This is a program for Approximate String Search using a Burkhard-Keller-Tree for storing. It uses three different string metrics for the edit distance calculation.
The function can be invoked by typing the name of the file (bktree) and the name of the wordlist in the command line. You can choose between the string metric to use. I've implemented the Damerau-Levenshtein-Distance as well as the Longest-Common- Subsequence. In default mode the program is going to use the Levenshtein distance. The program is going to build a Burkhard- Keller-Search-Tree (see http://blog.notdot.net/2007/4/Damn-Cool-Algorithms-Part-1-BK-Trees for more infos) out of the list, prints is height and number of nodes, before displaying the interactive mode. Here, the user can type a word and the an edit distance depending on the string metric used and the program will search the tree for strings with that given edit distance.

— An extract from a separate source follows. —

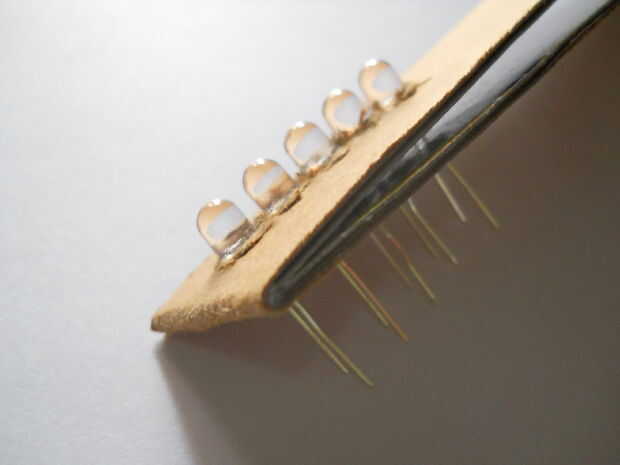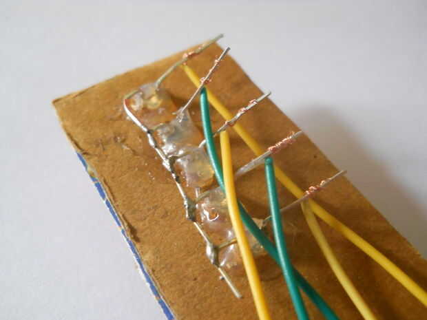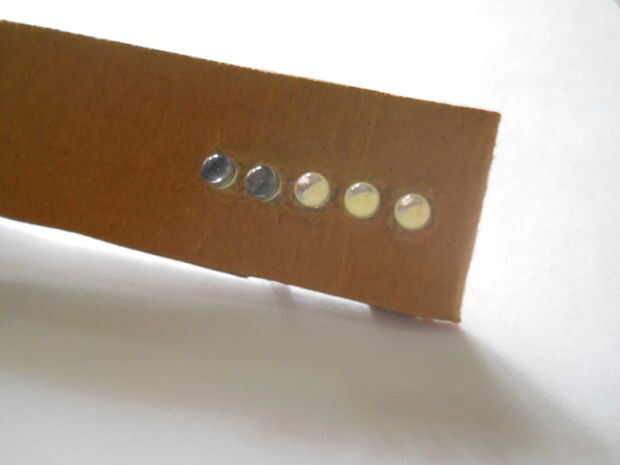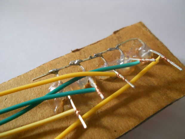 Hacer 5 agujeros en el cartón uno al lado del otro en el que los LEDs quepan en apretado. Introduzca los LEDs y conecte todos los cátodos (-) juntos forman un cátodo común dejando los ánodos por separado.

It was developed under MacOS Mojave version 10.14.6 and g++ compiler version 4.2.1
Type make in the command line to compile the program. See below for detailed functions of the included makefile. Feel free to also compile the program by yourself. Start the program by typing its name and the name of the wordlist, choose the string metric (see https://en.wikipedia.org/wiki/String_metric for more infos) and type string to be searched on with a given edit distance.
- make -- > compiles the program and stores .out file in /bin
- make docs -- > writes doxygen-HTML-file for documentation
- make demo -- > compiles demo-program
- make clean -- > removes everything
The strings are stored binary in vectors of 16-bit, one bit representing one ASCII letter, including German ASCIIs ä, ö, ü as well as capital Umlaute. The edit distance calculation for the three string metrics is implemented as a function object. The BK-Tree class uses the function objects as templates, so every string metric will be instantiated while compile time.